● **ABOUT THIS TASK**
Write out the data exactly, please, and omit the pictures.

● **GIVEN INFORMATION**
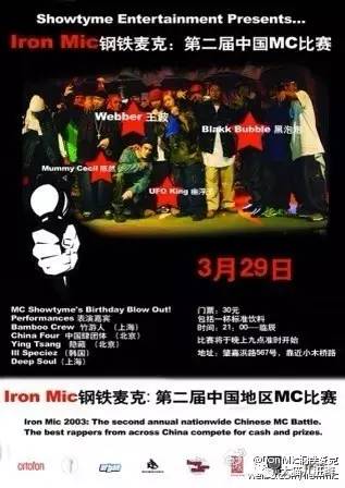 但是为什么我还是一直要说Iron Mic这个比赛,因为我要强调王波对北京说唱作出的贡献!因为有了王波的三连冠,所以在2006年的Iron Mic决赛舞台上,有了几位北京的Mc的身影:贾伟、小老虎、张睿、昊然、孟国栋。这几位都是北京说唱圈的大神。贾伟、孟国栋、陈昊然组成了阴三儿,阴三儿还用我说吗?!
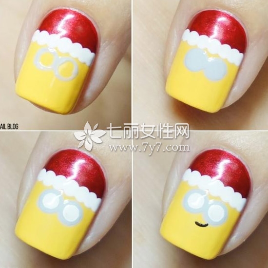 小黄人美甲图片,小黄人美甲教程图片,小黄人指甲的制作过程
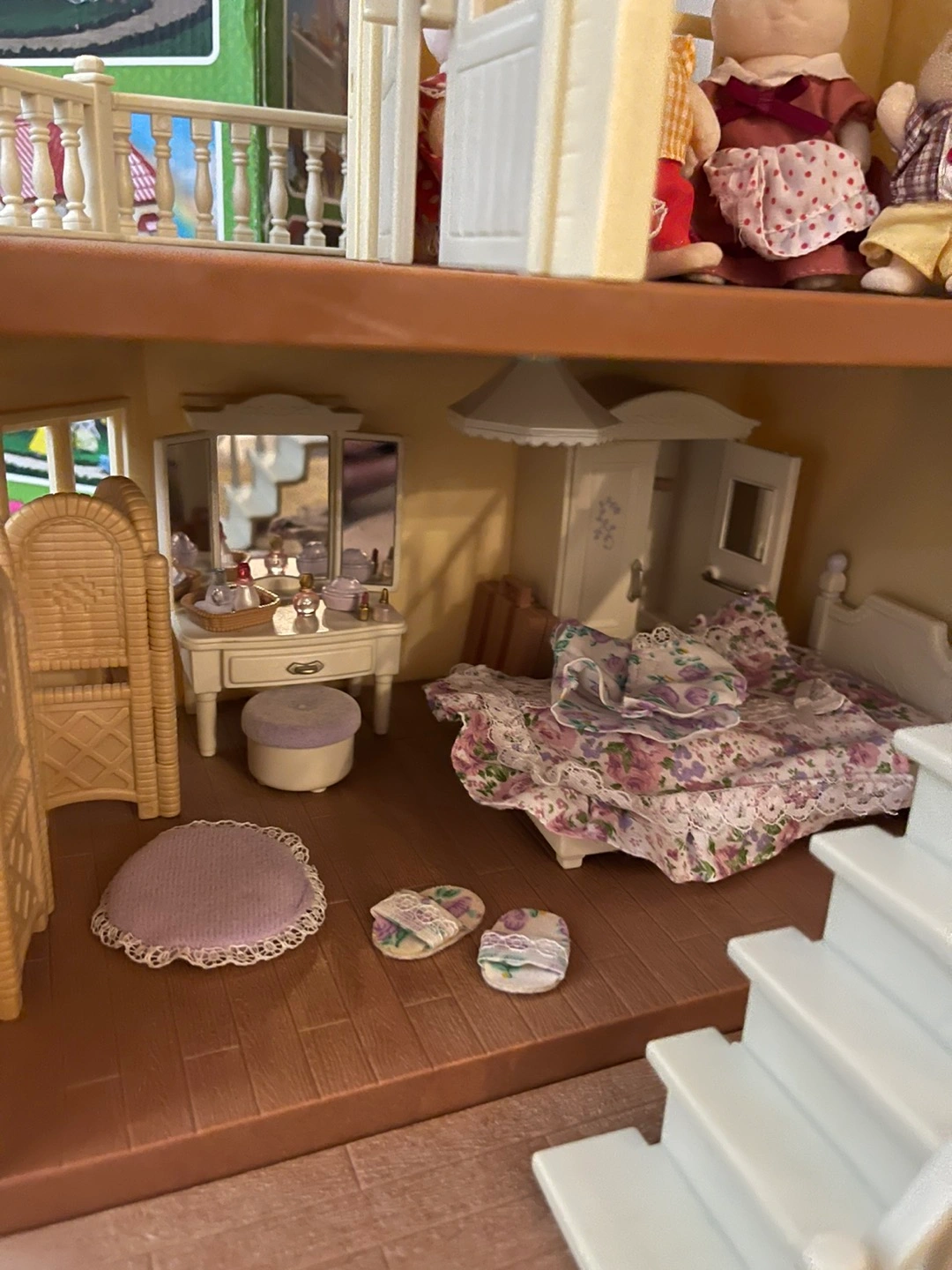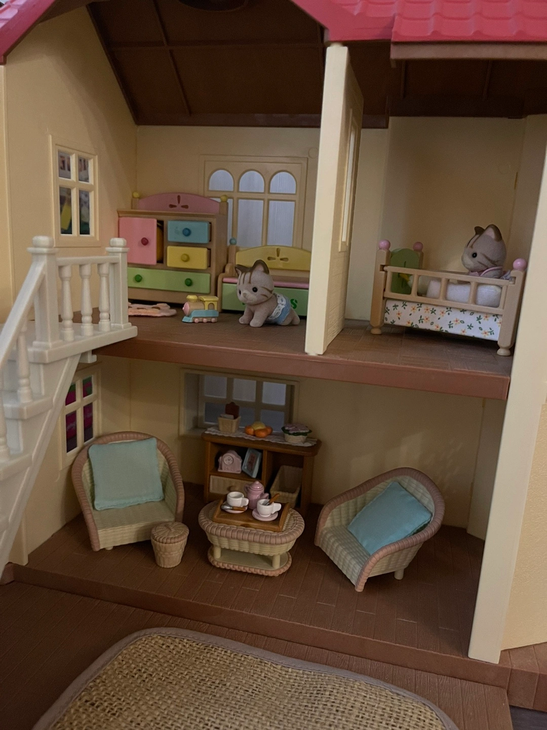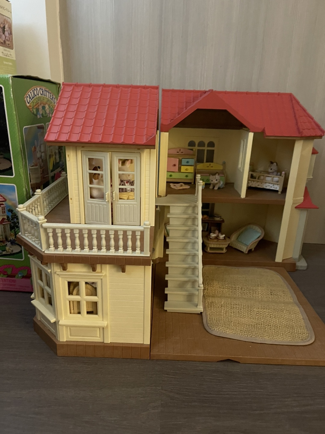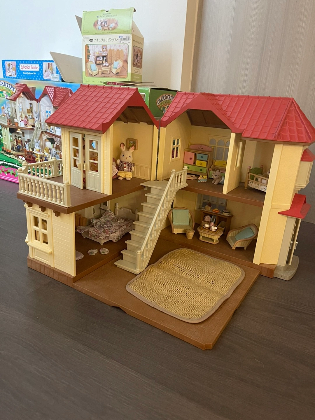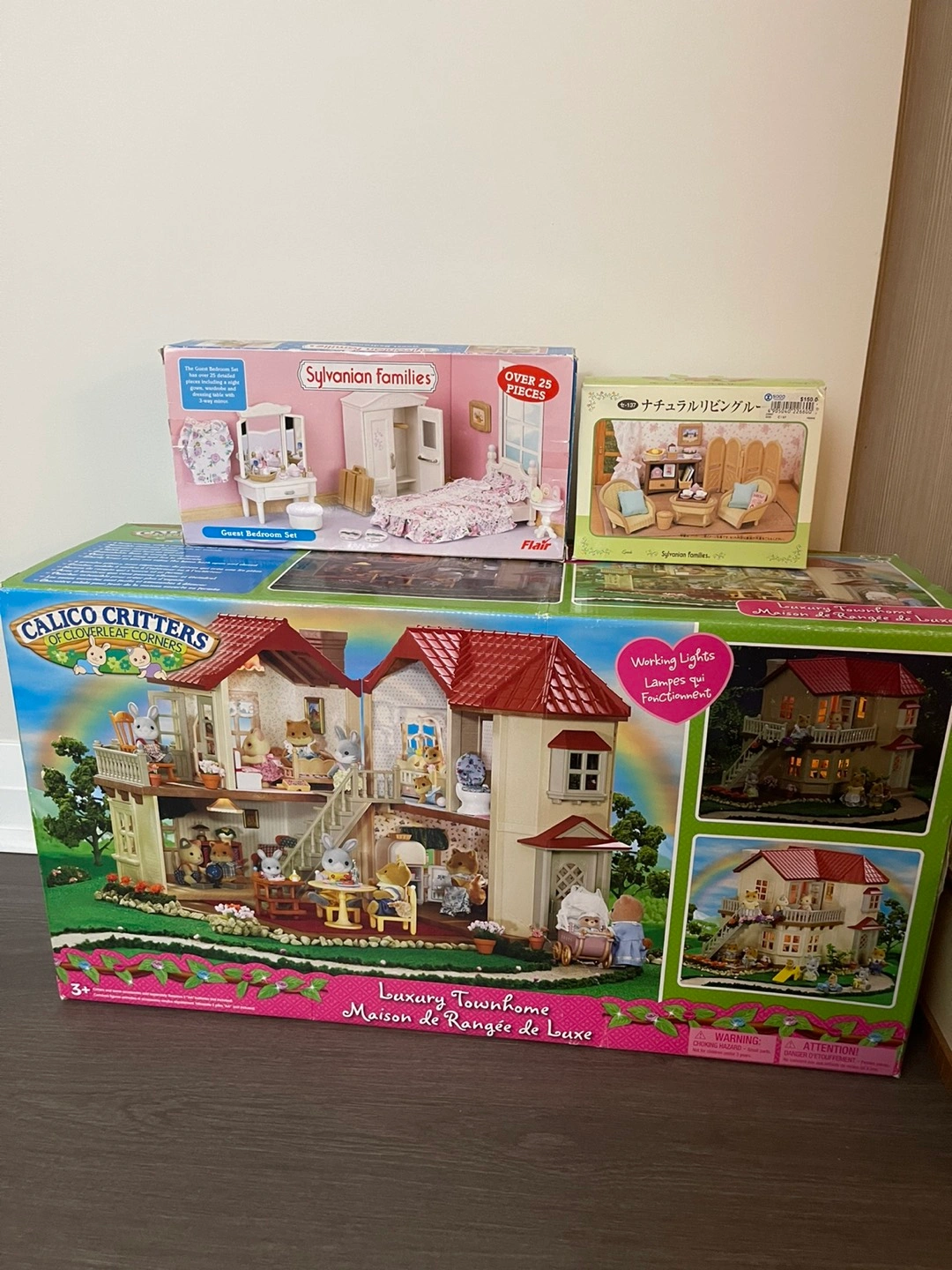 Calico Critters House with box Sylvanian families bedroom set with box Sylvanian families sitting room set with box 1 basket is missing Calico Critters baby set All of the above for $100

● **OUTPUT OF THE EXERCISE**
 但是为什么我还是一直要说Iron Mic这个比赛,因为我要强调王波对北京说唱作出的贡献!因为有了王波的三连冠,所以在2006年的Iron Mic决赛舞台上,有了几位北京的Mc的身影:贾伟、小老虎、张睿、昊然、孟国栋。这几位都是北京说唱圈的大神。贾伟、孟国栋、陈昊然组成了阴三儿,阴三儿还用我说吗?!
 小黄人美甲图片,小黄人美甲教程图片,小黄人指甲的制作过程
 Calico Critters House with box Sylvanian families bedroom set with box Sylvanian families sitting room set with box 1 basket is missing Calico Critters baby set All of the above for $100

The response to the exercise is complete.